4.5. Het sub 1.3 genoemde rapport vermeldt niet dat enig onderzoek is gedaan naar de werksituatie van [Werknemer]. Het is een verslag van de resultaten van een onderzoek aan [Werknemer] door de psycholoog en de psychiater. Uit het rapport blijkt ook door bewoordingen als ”Betrokkene heeft het gevoel dat hij voornamelijk door spanningen op het werk is opgebrand” en: “Uit deze resultaten kan men afleiden dat betrokkene zich enorm uitgeput voelt door zijn werk”, dat volgens [Werknemer] zijn klachten zijn ontstaan/verergerd door zijn werksituatie. De eindconclusie van het rapport, zoals hiervoor sub 1.3 is weergegeven, die de werksituatie als oorzaak van de klachten aanwijst is naar het oordeel van het hof, gelet op de verdere inhoud van het rapport, dan ook niet feitelijk onderbouwd en alleen gebaseerd op de uitlatingen van [Werknemer].

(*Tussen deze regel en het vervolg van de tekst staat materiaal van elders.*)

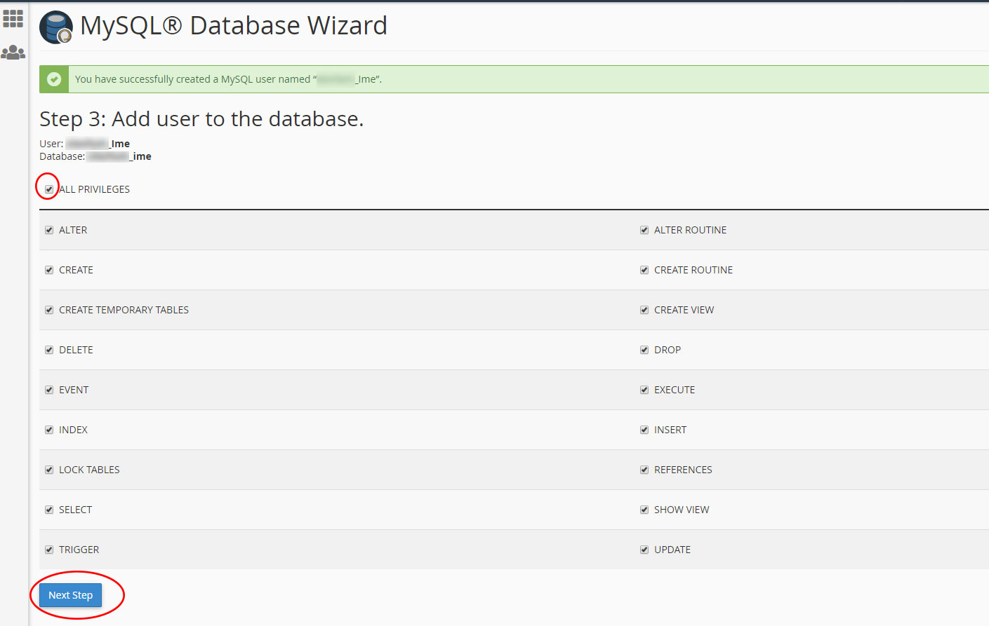 - Otkačite opciju „ALL PRIVILEGES“ i kliknite na plavo dugme „Next Step“

4.6. [Werknemer] heeft ten aanzien van de werksituatie gesteld dat sprake was van mismanagement van de directeur [X]. ABN AMRO heeft dit gemotiveerd weersproken. Daarop heeft [Werknemer] echter geen feiten of omstandigheden gesteld waaruit dat mismanagement zou bestaan, hoewel dat wel op zijn weg had gelegen. Dat, zoals uit het rapport blijkt, [Werknemer] zijn werk na het aantreden van [X] als minder plezierig ging ervaren, dat hij minder tijd had voor de klanten, dat het administratieve werk omslachtiger werd en dat de communicatie niet goed verliep, acht het hof onvoldoende ter onderbouwing van het gestelde mismanagement. Deze omstandigheden acht het hof voorts onvoldoende ernstig en niet afwijkend van wat als een normale werksituatie is aan te merken - nog daargelaten dat ze niet feitelijk zijn onderbouwd - om op grond daarvan aan te nemen dat de klachten van [Werknemer] door zijn werk zijn veroorzaakt. Daarbij heeft het hof tevens in aanmerking genomen dat ook vóór het aantreden van [X] bij [Werknemer] sprake was van lichamelijke klachten, dat zijn lichamelijke conditie sinds 1995 achteruit ging, dat hij eind 1994 al merkte dat zijn geestelijke weerstand minder werd en dat hij toen een VUT-regeling heeft aangevraagd. Ook zijn geen feiten of omstandigheden gesteld of gebleken dat [Werknemer] aan ABN AMRO te kennen heeft gegeven dat hij zijn werksituatie als te belastend onderging, zodat ook niet gezegd kan worden dat ABN AMRO, voorafgaand aan de arbeidsongeschiktheid van [Werknemer] maatregelen had kunnen of moeten nemen om de arbeidsongeschiktheid van [Werknemer] te voorkomen. Los van het voorgaande is in dit geval duidelijk sprake van een predispostie. [Werknemer] heeft nagelaten aan te geven in welke mate zijn arbeidsongeschiktheid aan die predispositie is te wijten. Hij heeft derhalve (ook) op dit punt niet aan zijn stelplicht voldaan.